ROD HILL COMMENTARY, Telegraph Journal, 18 September 2018

According to a story, still popular in some quarters, exploiting shale gas reserves in New Brunswick will provide jobs and lots of money for the public purse. The popularity of a story with such a seemingly happy ending is easy to understand. But is the story true, or is it wishful thinking?

In a recent article,“It’s time to make NB a ‘have’ province” (Sept. 14), Colleen Mitchell of the Atlantica Centre for Energy claims it’s true. She writes that while Newfoundland and Labrador and Nova Scotia have received billions in royalty revenues from offshore oil and gas, this “is critical revenue that New Brunswick has been shut out of,”  apparently preferring “handouts” to exploiting our mining, oil and gas resources.

The recently released Progressive Conservative party platform seems to agree with this view, stating: “Subject to rigorous safety and environmental protections, and with local support, we will allow for regional resource development, including natural gas development.”

Ms. Mitchell claims that “Natural gas development alone could boost the New Brunswick economy $900 million annually – enough to fund a reduction in taxes and provincial debt, while still delivering services to residents.”

What do we really know about the potential for shale gas development in New Brunswick?

Most of the leases for exploration and drilling in New Brunswick are held by Southwestern Energy  (SWN), an American company. Like others in the business, it has been struggling with persistently low natural gas prices. Four years ago, a share of SWN cost about $45.

It now trades for $5. Earlier this month, the company announced that it was selling its shale operations in Arkansas to help pay off some of the $3 billion of debt that the company incurred years ago when natural gas prices were high.

When the moratorium on shale gas was announced by the provincial government in 2015, SWN Resources quietly closed its office without much complaint.
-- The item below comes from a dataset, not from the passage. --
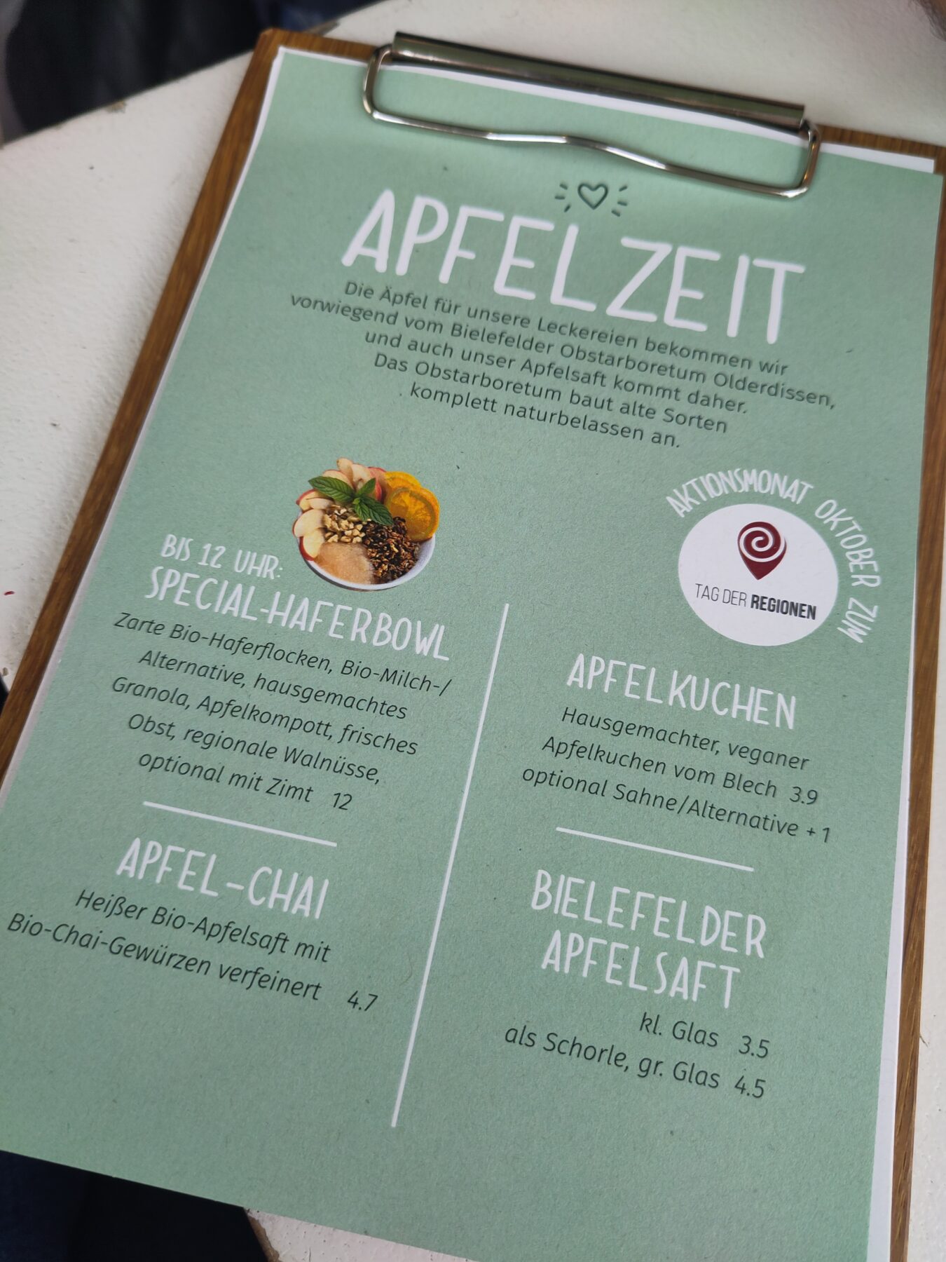 Wer im Oktober durch Bielefeld schlendert, sollte unbedingt einen Stopp bei der HALTESTULLE einlegen. Schon beim Eintreten steigt einem der Duft von frischem Apfelkuchen in die Nase, auf dem Aktionstisch leuchten alte Apfelsorten, und auf der Karte stehen Apfel-Chai und Haferbowl mit Granola, Apfelkompott und regionalen Walnüssen – alles hausgemacht, alles aus der Region.

I suspect that the firm was happy not to have to spend any more money here, as it would have had to do to maintain its leases.

In the years before the moratorium was enacted, seismic testing was carried out in many places in the province to gather further information about geologic conditions beneath the surface.
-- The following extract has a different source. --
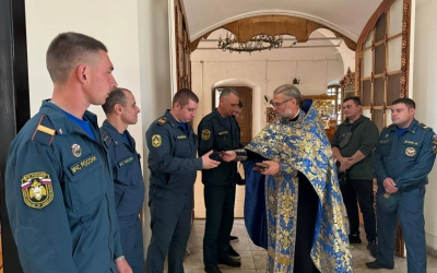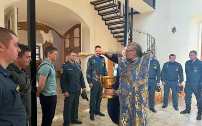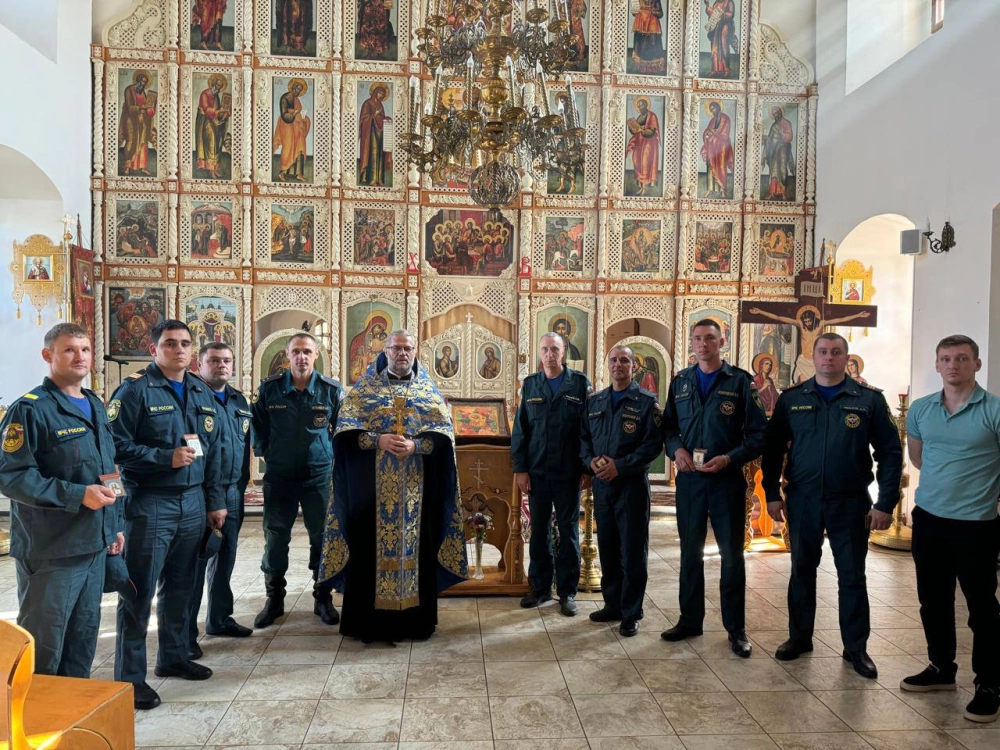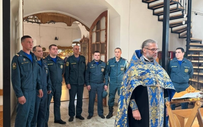 По окончании Божественной литургии был отслужен молебен перед праздничным образом. За богослужением молился личный состав Пожарно-Спасательной части №12 ФГКУ "ОФПС по Смоленской области" г. Вязьма.

This gives information about whether the area has the potential to produce natural gas. As far as I know, the results of those seismic tests have never been made public.

In any event, the images of subsurface structures that they produce do not say whether natural gas is actually present. That requires millions of dollars of investment to drill exploratory wells to see if the area can produce economically recoverable natural gas.

Back in 2010, Corridor Resources, a small company operating some natural gas wells near Sussex, claimed to have found “more natural gas in place in southern New Brunswick than is available in all of western Canada’s proven reserves” (quoting a CBC report). You can be forgiven if you have forgotten the discovery of this bonanza, because it came to nothing.

Corridor Resources partnered with another company, Apache Canada, to drill two exploratory wells near Elgin. Apache pulled the plug on the project in 2011, having spent $25 million on two wells that failed to produce a sustained flow of gas. Corridor couldn’t find another partner and the project was abandoned.

What can we say about the potential for royalty revenues from shale gas, supposing that productive unconventional shale gas wells could actually be drilled?

At the end of 2016, Andrew Secord of St. Thomas University, Maggie Murphy of Carleton University and I published an article in the Journal of New Brunswick Studies in which we calculated royalty revenues over the next 25 years, given a variety of assumptions about the productivity of natural gas wells.

Using other’s estimates of production costs and future natural gas prices, we concluded that even if natural gas wells in New Brunswick were considerably more productive than those in Pennsylvania’s Marcellus shale, royalty revenues would be modest. If 50 wells per year were drilled, the rate proposed by the previous government, royalty revenues would be less than $35 million per year over the first nine years. Over the 25 year simulation, royalties average only $68 million a year – not very large in the context of an $8.8 billion budget.

Only if New Brunswick happened to have the most productive shale gas wells in North America – something for which there is no evidence  – would royalty revenues be significant.

Naturally, the decision about whether or not to produce natural gas by fracking depends on much more than potential royalty revenue. Environmental and public health concerns have a legitimate place in the debate.

A theme of much commentary these days is the idea that New Brunswickers are voluntarily holding back a potential economic boom that could result by digging up the riches under our feet. The evidence for this seems scant indeed.

Perhaps it’s time to set aside wishful thinking about get rich quick schemes and adopt a more realistic outlook about guiding New Brunswick’s economic future.

Rod Hill is a Professor of Economics in the Faculty of Business, UNB Saint John campus.